La rapida ascesa del club non è arrivata senza conseguenze. Nel 2024, l’imprenditore giapponese Taito Suzuki ha assunto il controllo della società durante un periodo di fragilità finanziaria. Per molti club, un’acquisizione del genere scatenerebbe immediatamente i timori legati a un’eccessiva commercializzazione, a un possibile rebranding, alla perdita progressiva di identità. Inizialmente, i tifosi del Sant Andreu provavano la stessa paura. Ma, almeno finora, quelle preoccupazioni si sono in gran parte dissipate. Álvarez insiste sul fatto che la nuova proprietà abbia compreso in fretta come il dna del club fosse intoccabile. «Il suo arrivo non significa smarrire la nostra essenza», spiega. «Si trattava di risolvere una difficile situazione economica. Finché i valori del club e i suoi tifosi verranno rispettati, andrà tutto bene».

Anche la federazione dei tifosi del club, inizialmente scettica su questo cambio ai vertici della società, riconosce oggi che il rapporto ha funzionato meglio del previsto. «Non è il nostro modello di proprietà ideale, ma siamo stati fortunati», afferma il presidente Xavi Miralles. «È stato molto rispettoso verso il club e la tifoseria e non ha cercato di imporre alcun cambiamento. Credo abbia capito che questa squadra funziona proprio grazie alla sua identità».

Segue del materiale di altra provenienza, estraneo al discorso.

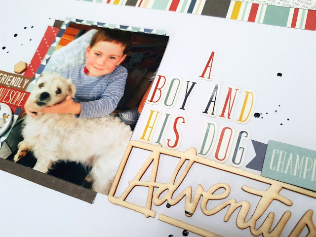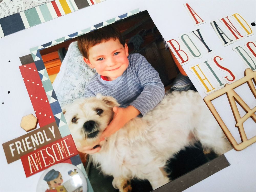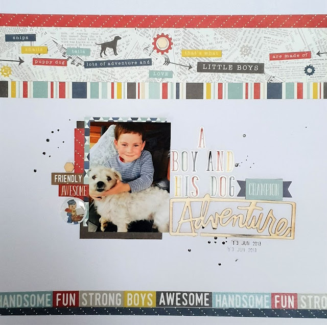 As I was getting to the last of the collection, it was a bit of a struggle to get some elements that would work together for this page. This inspiration for this page came from the quote on the paper at the top. I decided I would include a photo of my youngest son with his Grandparents dog. These 2 absolutely love each other to bits. They are both the same age and can't get enough of each other.
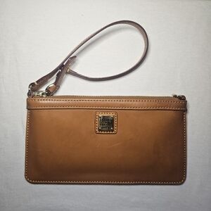 Chic brown leather wristlet by Dooney & Bourke. Features a sleek design with a secure zip closure.
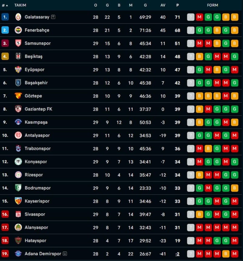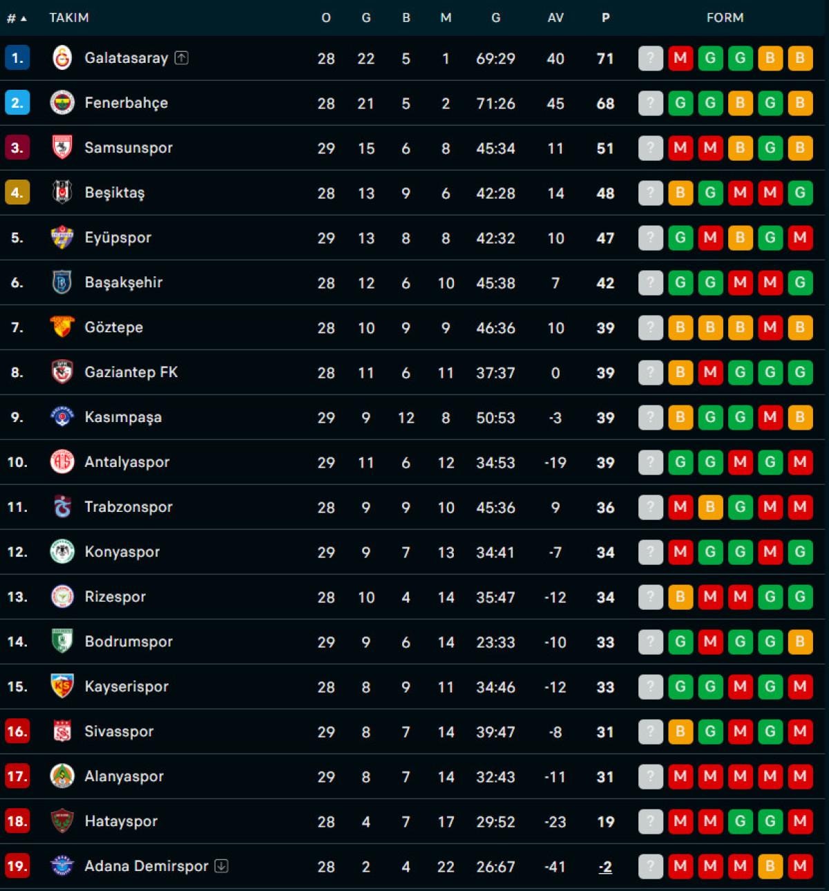Takipçisi Fenerbahçe ise zorlu Trabzonspor karşısına çıktı. Sarı-lacivertliler, 1-0 geriye düştüğü müsabakayı 4-1'lik skorla kazandı ve puanını 68'e yükseltti.

Nonostante il passaggio di proprietà, il Sant Andreu continua a offrire un raro contromodello al calcio moderno. Il club resta ambizioso — il sogno è quello di raggiungere, prima o poi, la massima serie spagnola — ma respinge al mittente l’idea che il successo debba avvenire a scapito dell’identità. «Se arrivare in Liga significa rinnegare chi siamo, allora preferiamo restare nel calcio dilettantistico», sentenzia Miralles. La sfida sarà preservare questo equilibrio: una crescita rapida rischia sempre di trasformare quella cultura che, in origine, rende speciale un club. Per ora, il Sant Andreu rimane straordinariamente intatto. Prima delle partite, i bar attorno al Narcís Sala si riempiono di abitanti del posto che condividono una birra in attesa del fischio d’inizio, i bambini corrono liberi sugli spalti sotto lo sguardo dei tifosi più anziani seduti ai loro soliti posti, e i cori in catalano riecheggiano nello stadio per tutti i novanta minuti. In questo angolo di Barcellona, si respira ancora l’aria di un calcio che appartiene alla sua gente.